ASSIGNMENT -> Please give the whole listing again exactly, without any of its pictures.

#### DATA EXTRACT ####

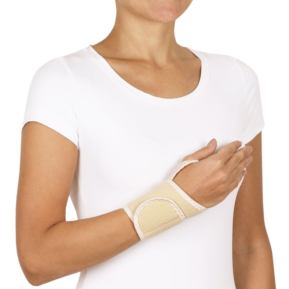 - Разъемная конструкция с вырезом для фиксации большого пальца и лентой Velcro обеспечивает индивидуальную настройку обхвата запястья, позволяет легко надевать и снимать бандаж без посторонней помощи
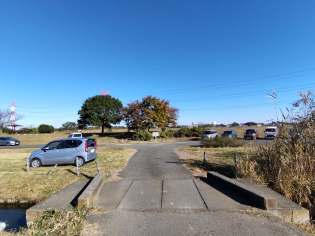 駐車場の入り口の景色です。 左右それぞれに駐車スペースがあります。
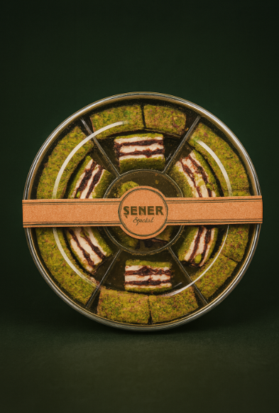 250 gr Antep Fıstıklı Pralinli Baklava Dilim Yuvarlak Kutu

####

SOLUTION TO THE PROBLEM ->
 - Разъемная конструкция с вырезом для фиксации большого пальца и лентой Velcro обеспечивает индивидуальную настройку обхвата запястья, позволяет легко надевать и снимать бандаж без посторонней помощи
 駐車場の入り口の景色です。 左右それぞれに駐車スペースがあります。
 250 gr Antep Fıstıklı Pralinli Baklava Dilim Yuvarlak Kutu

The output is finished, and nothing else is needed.